Proto-Camalic had the following phonemes:

  • e o i u ē ō ī ū ai au ia ua
  • p b t d ts k g m n ŋ s θ~ʂ z ð~ʐ ɬ l r w y h H
    • H is just there for the Sanskrit gibbiness in Camalanàbha: t tH d dH > t th d(breathy) d(creaky) > t th dh d
  • contrastive stød

Syntax

Proto-Camalic was most likely SOV, and had prefix and suffix conjugations.

Morphology

Nouns

Proto-Camalic had three grammatical genders:

  • animate
  • inanimate
  • caland

The caland gender was made up of nouns that resulted from nominalized participles and adjectives and consisted of both animate nouns (e.g. names of professions) and inanimate nouns. Abstract nouns were usually caland.

There were also three grammatical cases: agentive/instrumental, patientive and genitive. Case was not marked by noun morphology but by preposed particles. The agentive case was marked with the particle *la~li (believed by Nostraticists to be cognate with Semitic *li- "to" and Indo-European *-(t/dʰ)lom ~ *-(t/dʰ)lis). The genitive case was marked with the particle *i. In Central Camalic (e.g.

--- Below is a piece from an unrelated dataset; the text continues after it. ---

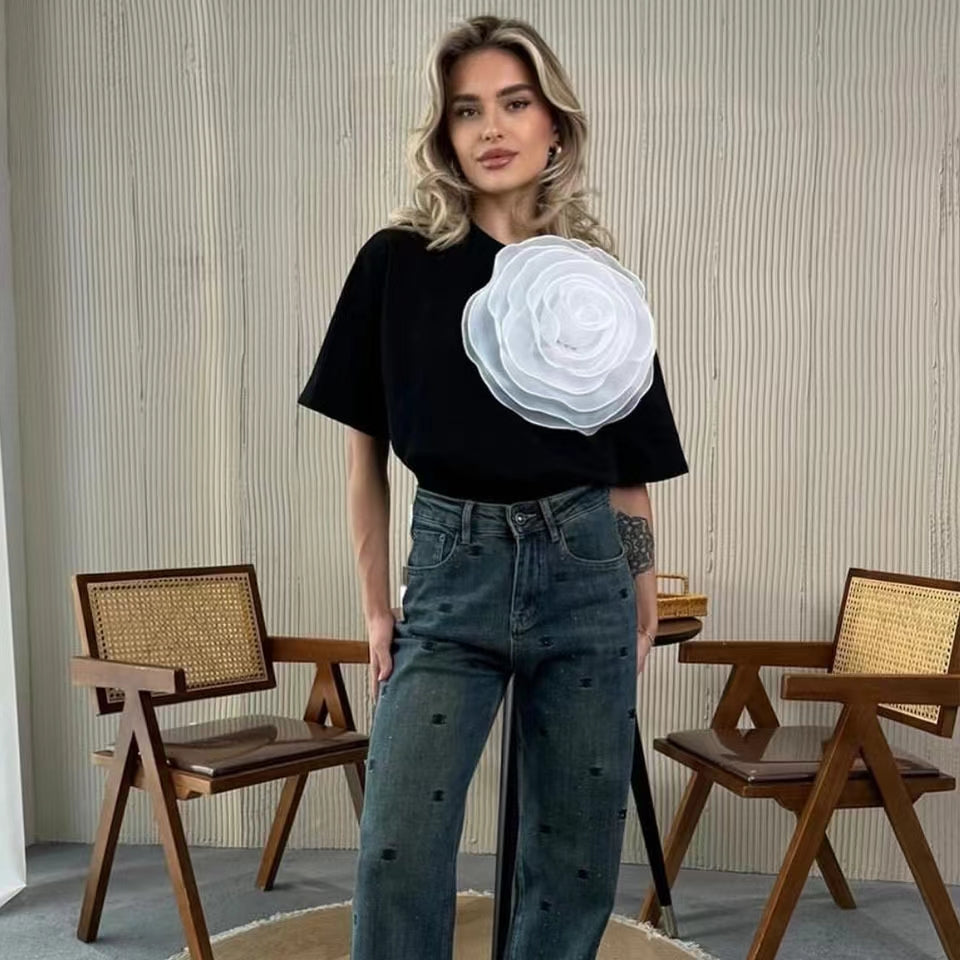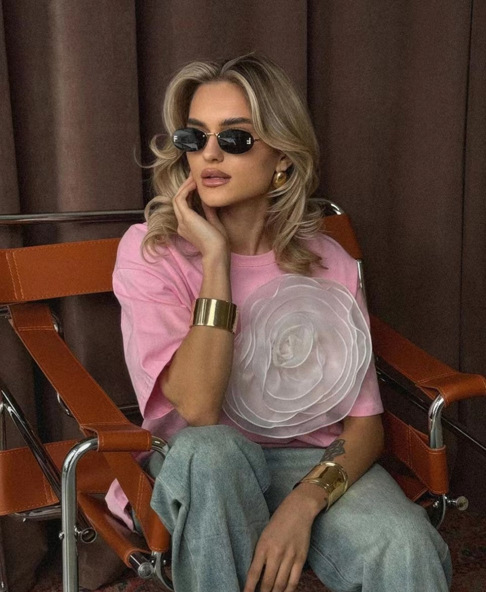 Тениската разполага със съчетание от тримерна мрежа и изящни 3D цветя, които придават текстура и измерение на дрехата. Този игрив елемент добавя интерес към визията и прави тениската подходящ както за ежедневието, така и за по-специални поводи.

Padmanábha), influenced by Indo-European and Semitic languages, the case particles are preposed while in Peripheral Camalic (e.g. Camalanàbha), the particles evolved into suffixes in a more typically Eurasian nom-acc system.

Proto-Camalic also had an extensive array of derivational affixes.

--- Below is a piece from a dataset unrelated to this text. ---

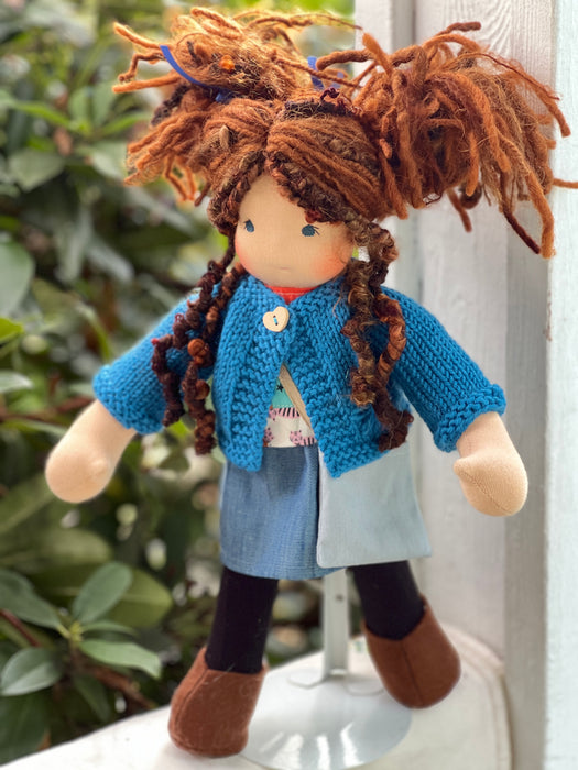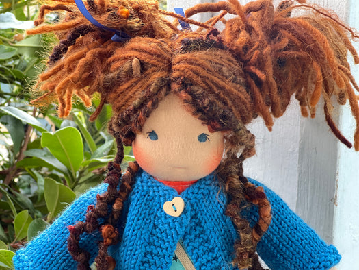 Made with natural fibres, each Little Friend has  hand-dyed hair yarn, a cotton knit “skin,” and is stuffed with West Coast wool for that comforting, natural weight children love. We’re happy to personalize your doll with freckles, a messy buns, or even a name change, just let us know!

The demonstrative in Proto-Camalic was *sa.

Adjectives

Proto-Camalic didn't have adjectives as a distinct part of speech. Most adjectives in other Camalic languages derive from verbs in Proto-Camalic though some are derived from nouns (e.g. nisba/Hoffmann's).

Verbs

Some kind of stress-induced ablaut/lengthening?